Com vários artistas gráficos e designers, The Fabricant começou a criar roupas digitais em 2018. Mas foi com a pandemia e com o confinamento que seu faturamento "disparou", afirma Larosse.
The Fabricant tem relações com marcas conhecidas, como Puma, ou Tommy Hillfiger. Desenham suas roupas em três dimensões, o que ajuda a reduzir os custos de produção.
Mas a proposta desta empresa recém-nascida vai muito muito além, e passa pelo "metaverso", que é "uma coleção de universos virtuais", reflete Larosse.
Equipado com sua identidade virtual e seus óculos, o cliente poderá falar com dependentes que também serão virtuais. Será possível comprar, ou revender suas roupas, seu NFT, para outro consumidor, instantaneamente.
Tudo isso sem necessidade de usar matéria-prima, nem de fabricar, nem de emitir CO2, a grande obsessão de alguns jovens, lembra Larosse.
"Se você pensar nisso como uma expressão de identidade, todos nós vamos fazer isso de alguma maneira. E, se você escolher ficar nu, também não tem problema", explica ela.
"Ou talvez você escolha uma roupa de luz, ou use um chapéu de fumaça", acrescenta.
Isso implica imperiosamente ter uma identidade digital.
"Pessoas com menos de 20 anos não se lembram de um mundo não digital", ressalta Larosse.
- Silêncio das grandes marcas -
Para as grandes marcas de luxo, porém, que baseiam sua identidade no artesanato, no cuidado extremo com a matéria-prima, este desafio implica uma mudança radical.

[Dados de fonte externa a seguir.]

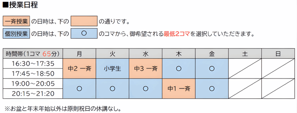 | 授業曜日 | 月~金曜日 ※お盆と年末年始以外、原則祝日の休講はなし |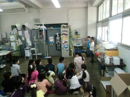 3年生が視力検査をやっていました。狭いところにきちんと並んですわっていました。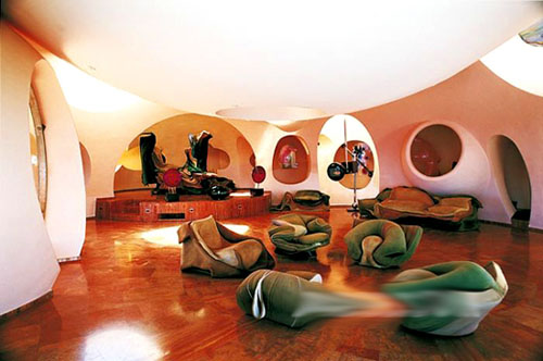 (图片来源:a963) “设计皇帝”皮儿·卡丹的住宅 法国嘎纳“泡泡宫” 建筑师Lovag的观点是:我们的四肢的运动轨迹是圆形,视觉的范围也接近圆形。欢乐是圆形的,圆形是人类的行为方式。他把这一概念用于建筑设计中。以此理论为依据,设计了原型和实验的结构。

Três grandes marcas de luxo que voltaram com orgulho às passarelas de Paris esta semana se recusaram a explicar seus planos no "metaverso", ao serem questionadas pela AFP.
No entanto, esses planos existem. Como no caso de Balenciaga, que fez uma incursão no popular videogame Fortnite, propondo roupas e tênis para mais de 250 milhões de jogadores.
O francês Jean-Paul Gaultier, que quebrou os moldes da moda, disse à AFP que não está mais interessado.
"Estou muito feliz com minha aventura. Eu sou muito tátil. No fim das contas, criar uma roupa virtual é outro trabalho. É quase como fazer um filme. E não me interesso por videogames", explicou.
Que preço um cliente está disposto a pagar por uma roupa digital de uma grande marca? O mercado é muito recente para se ter uma resposta, reconhecem os pioneiros.
Fundada há apenas um ano em San Francisco, a DressX optou por adotar a linha de empresas como o Spotify, ou a Netflix.
Por meio de seu aplicativo, por um preço inferior a dez dólares por mês, propõem centenas de vestidos, joias digitais, obras de arte, explicou uma das duas fundadoras, Daria Shapovalova, à AFP, por videoconferência.
Há problemas a serem resolvidos, admite sua sócia, Natalia Modenova.
"Existem problemas de compatibilidade. Quando você está no mundo real, você pode ir para todo o lugar com sua roupa, mas não no metaverso", acrescenta.
Mas é o futuro, elas insistem.
"É como o início da Internet: algumas marcas relutavam a pôr seus produtos à venda on-line", lembra Shapovalova. Mas, "quanto mais cedo você se posicionar, melhor".